The 2024 Amendment, which is titled the “Zeb Hughes Law” provides that a person who has undergone a “catastrophic event that exposed the person to imminent peril or danger reasonably expected to result in loss of life” and whose absence cannot be explained after a diligent search is presumed to be dead if there is uncontradicted testimony from those having “firsthand knowledge of the event” (law enforcement officers, first responders, search and rescue personnel, eye witnesses, etc.) that the person died in the “catastrophic event.” The hearing can be held 2 years after the event and the “loss of life shall be proven by clear and convincing evidence.” Notice of the hearing must be provided to the “coroner, the district attorney and the sheriff of the county” in which the event occurred.” If the evidence is sufficient to establish the presumption of death, the death is presumed to have occurred at the time of the catastrophic event.

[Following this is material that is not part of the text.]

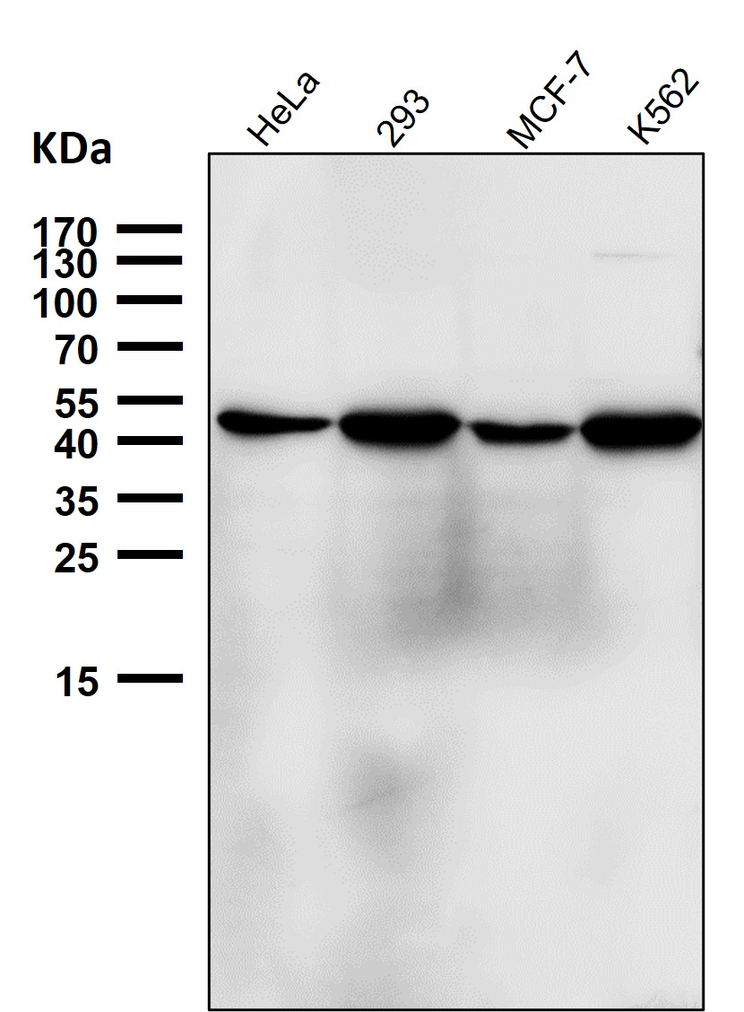 | WB Predicted band size | Calculated MW: 41 kDa ; Observed MW: 45 kDa |

The law also amended Miss. Code Ann. § 41-57-8, and requires the State Registrar of Vital Statistics to issue a death certificate upon receipt of a court order finding a presumption of death.

Professor’s Thoughts

I first heard about this amendment at a CLE for public defenders. The speaker before me was talking about the impact of this amendment in the criminal prosecution/defense world in cases where someone is missing and foul play is suspected. Looking at the statute, I think it is going to raise some interesting issues in the future, for example:

  • What is meant by “catastrophic event”? There is no definition of the term. Does the phrase mean situations where a person has gone missing — like Zeb Hughes? Is the catastrophic event the presumed drowning? Is it the event that caused them to drown — Zeb’s mother thinks it was the turbulent waters of the Mississippi River although that is speculation. The speaker at the CLE said that he believed that the phrase “catastrophic event” was intended to be more like a hurricane or flood. That definition of catastrophic event would not cover the missing person situation without some kind of natural disaster or other widespread event. This interpretation is justifiable if based on the text but not if you look at legislative intent (and the title of the amendment).
  • There is also a question of what to include on the death certificate. A medical examiner may be unwilling to sign off on a death certificate that states a presumed cause of death without having a body to confirm the cause of death.
  • There is also no provision for what happens if the person presumed to be dead ultimately reappears. The amendment to the statute specifically states that section (1) which provides that if a person presumed dead appears they are entitled to have their property restored.